PROVIDED DATA:
□ □ □
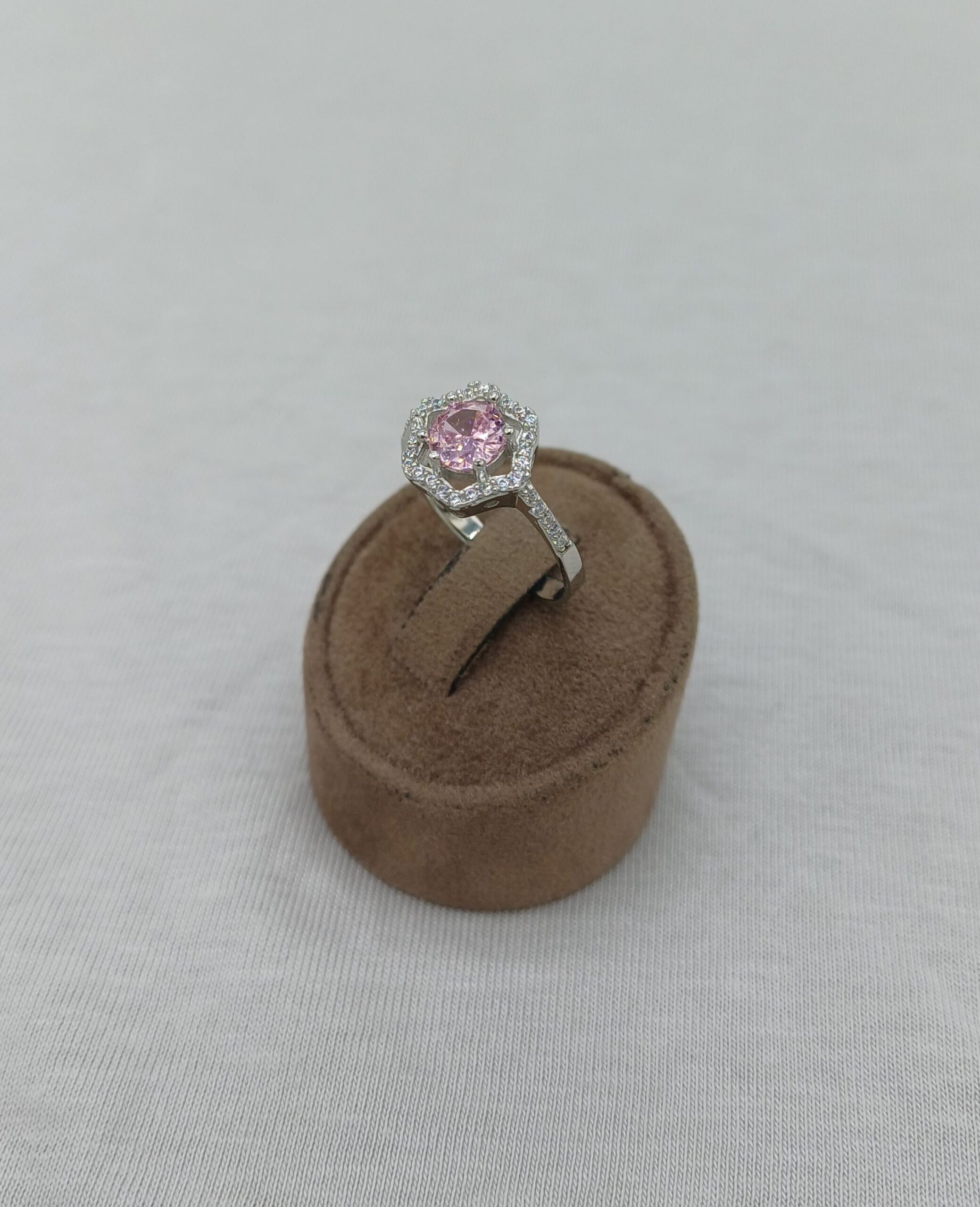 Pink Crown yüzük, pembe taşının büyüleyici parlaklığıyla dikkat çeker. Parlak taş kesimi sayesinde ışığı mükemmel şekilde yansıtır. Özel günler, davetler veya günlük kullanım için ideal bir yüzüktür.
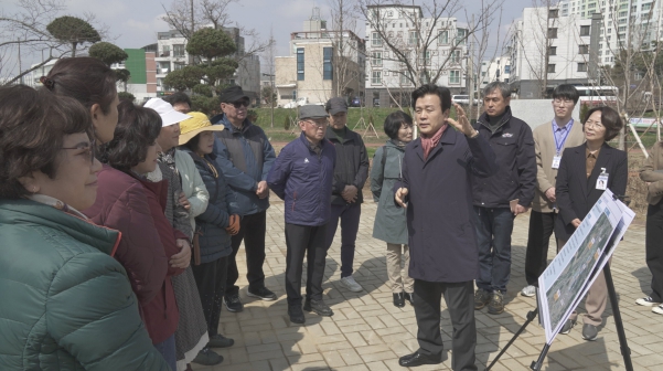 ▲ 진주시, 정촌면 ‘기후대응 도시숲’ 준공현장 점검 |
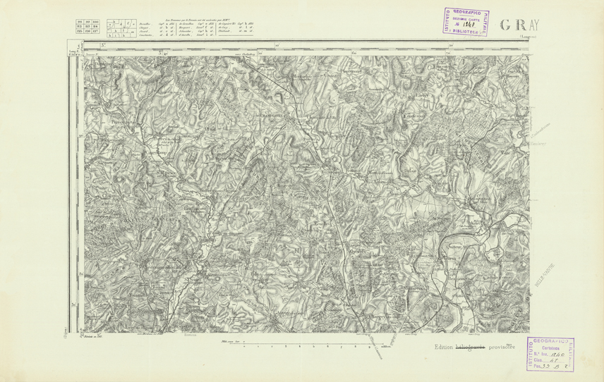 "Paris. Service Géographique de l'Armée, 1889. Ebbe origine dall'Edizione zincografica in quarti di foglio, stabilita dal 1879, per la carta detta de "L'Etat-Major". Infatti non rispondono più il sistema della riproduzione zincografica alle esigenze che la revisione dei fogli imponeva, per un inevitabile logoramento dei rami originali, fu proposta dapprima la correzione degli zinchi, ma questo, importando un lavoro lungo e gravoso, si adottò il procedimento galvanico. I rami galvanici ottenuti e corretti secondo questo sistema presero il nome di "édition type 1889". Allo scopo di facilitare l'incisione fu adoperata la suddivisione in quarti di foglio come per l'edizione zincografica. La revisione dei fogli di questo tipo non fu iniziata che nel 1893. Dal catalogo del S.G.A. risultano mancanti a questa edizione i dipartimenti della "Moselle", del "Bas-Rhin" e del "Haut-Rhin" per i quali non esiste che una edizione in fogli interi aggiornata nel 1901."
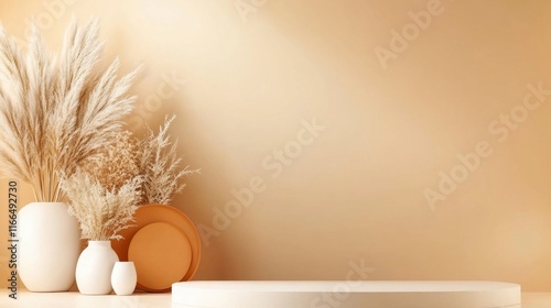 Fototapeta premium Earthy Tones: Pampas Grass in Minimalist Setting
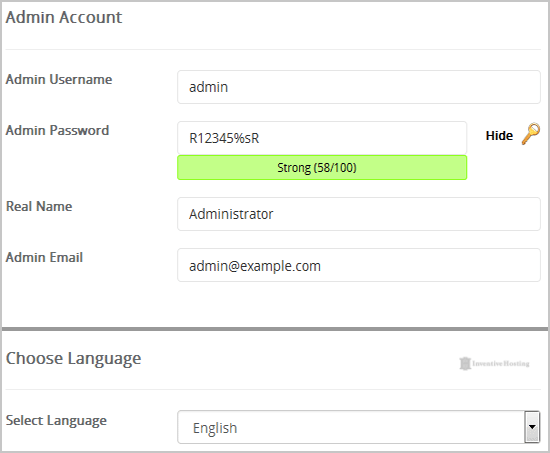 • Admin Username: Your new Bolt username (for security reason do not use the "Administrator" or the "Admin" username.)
□ □ □
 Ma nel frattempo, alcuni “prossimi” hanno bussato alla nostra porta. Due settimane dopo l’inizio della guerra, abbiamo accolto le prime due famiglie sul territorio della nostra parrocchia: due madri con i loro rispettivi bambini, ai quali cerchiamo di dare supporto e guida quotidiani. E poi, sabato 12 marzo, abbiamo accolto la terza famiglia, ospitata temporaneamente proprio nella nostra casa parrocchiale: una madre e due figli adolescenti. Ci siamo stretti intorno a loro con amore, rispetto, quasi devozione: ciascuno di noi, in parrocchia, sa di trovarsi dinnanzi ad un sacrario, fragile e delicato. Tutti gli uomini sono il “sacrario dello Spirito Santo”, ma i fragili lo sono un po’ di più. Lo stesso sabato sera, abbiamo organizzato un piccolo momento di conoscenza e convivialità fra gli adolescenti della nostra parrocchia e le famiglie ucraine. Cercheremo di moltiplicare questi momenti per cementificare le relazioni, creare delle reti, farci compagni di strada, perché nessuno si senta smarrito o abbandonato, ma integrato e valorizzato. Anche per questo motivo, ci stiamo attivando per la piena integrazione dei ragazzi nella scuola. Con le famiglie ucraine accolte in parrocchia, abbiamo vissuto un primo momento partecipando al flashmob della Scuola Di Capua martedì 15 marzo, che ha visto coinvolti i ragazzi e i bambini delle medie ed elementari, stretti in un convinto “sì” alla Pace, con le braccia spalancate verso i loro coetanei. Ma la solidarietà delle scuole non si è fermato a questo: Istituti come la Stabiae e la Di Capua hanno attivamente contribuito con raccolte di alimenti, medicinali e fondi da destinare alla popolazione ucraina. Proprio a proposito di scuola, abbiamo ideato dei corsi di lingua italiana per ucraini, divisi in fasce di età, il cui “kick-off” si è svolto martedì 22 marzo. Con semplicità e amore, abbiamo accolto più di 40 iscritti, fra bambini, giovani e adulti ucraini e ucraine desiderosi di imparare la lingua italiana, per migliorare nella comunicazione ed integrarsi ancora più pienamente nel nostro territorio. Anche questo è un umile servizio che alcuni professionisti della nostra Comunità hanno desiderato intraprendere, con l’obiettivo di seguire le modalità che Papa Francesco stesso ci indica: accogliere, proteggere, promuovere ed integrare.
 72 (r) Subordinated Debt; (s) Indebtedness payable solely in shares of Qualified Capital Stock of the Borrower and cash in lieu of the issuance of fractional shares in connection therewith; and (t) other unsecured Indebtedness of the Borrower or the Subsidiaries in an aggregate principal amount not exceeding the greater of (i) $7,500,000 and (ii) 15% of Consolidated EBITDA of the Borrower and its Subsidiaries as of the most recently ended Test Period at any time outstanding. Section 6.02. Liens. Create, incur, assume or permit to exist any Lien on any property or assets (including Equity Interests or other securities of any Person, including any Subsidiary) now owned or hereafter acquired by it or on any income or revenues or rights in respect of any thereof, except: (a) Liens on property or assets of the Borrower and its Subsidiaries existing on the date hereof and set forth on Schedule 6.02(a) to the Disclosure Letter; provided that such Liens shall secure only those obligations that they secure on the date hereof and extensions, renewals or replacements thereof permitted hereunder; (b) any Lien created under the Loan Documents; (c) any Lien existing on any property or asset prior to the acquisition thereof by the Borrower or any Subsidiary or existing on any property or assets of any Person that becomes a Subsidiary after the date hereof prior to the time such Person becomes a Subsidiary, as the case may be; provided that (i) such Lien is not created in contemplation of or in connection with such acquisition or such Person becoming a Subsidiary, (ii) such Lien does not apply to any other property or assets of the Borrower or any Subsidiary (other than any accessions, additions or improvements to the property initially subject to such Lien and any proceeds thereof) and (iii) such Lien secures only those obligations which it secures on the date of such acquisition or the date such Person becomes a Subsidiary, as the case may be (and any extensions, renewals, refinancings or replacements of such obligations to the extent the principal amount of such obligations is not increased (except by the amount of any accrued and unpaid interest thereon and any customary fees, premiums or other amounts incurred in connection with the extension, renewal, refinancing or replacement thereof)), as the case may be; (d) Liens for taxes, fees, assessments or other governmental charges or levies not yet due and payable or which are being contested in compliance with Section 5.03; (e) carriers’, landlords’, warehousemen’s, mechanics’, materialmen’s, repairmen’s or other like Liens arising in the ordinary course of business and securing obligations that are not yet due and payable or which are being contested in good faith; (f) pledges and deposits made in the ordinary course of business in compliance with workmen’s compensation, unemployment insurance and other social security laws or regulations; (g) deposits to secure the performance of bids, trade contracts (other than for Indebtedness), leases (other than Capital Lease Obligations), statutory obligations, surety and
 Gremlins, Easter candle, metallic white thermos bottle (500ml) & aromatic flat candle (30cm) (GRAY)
□ □ □
TASK TO CARRY OUT: Return the material from the line containing "Pink Crown yüzük, pembe" through the line containing "도시숲’ 준공현장 점검 |", exactly and in full, but without its pictures.

RESULT OF THIS TASK:
 Pink Crown yüzük, pembe taşının büyüleyici parlaklığıyla dikkat çeker. Parlak taş kesimi sayesinde ışığı mükemmel şekilde yansıtır. Özel günler, davetler veya günlük kullanım için ideal bir yüzüktür.
 ▲ 진주시, 정촌면 ‘기후대응 도시숲’ 준공현장 점검 |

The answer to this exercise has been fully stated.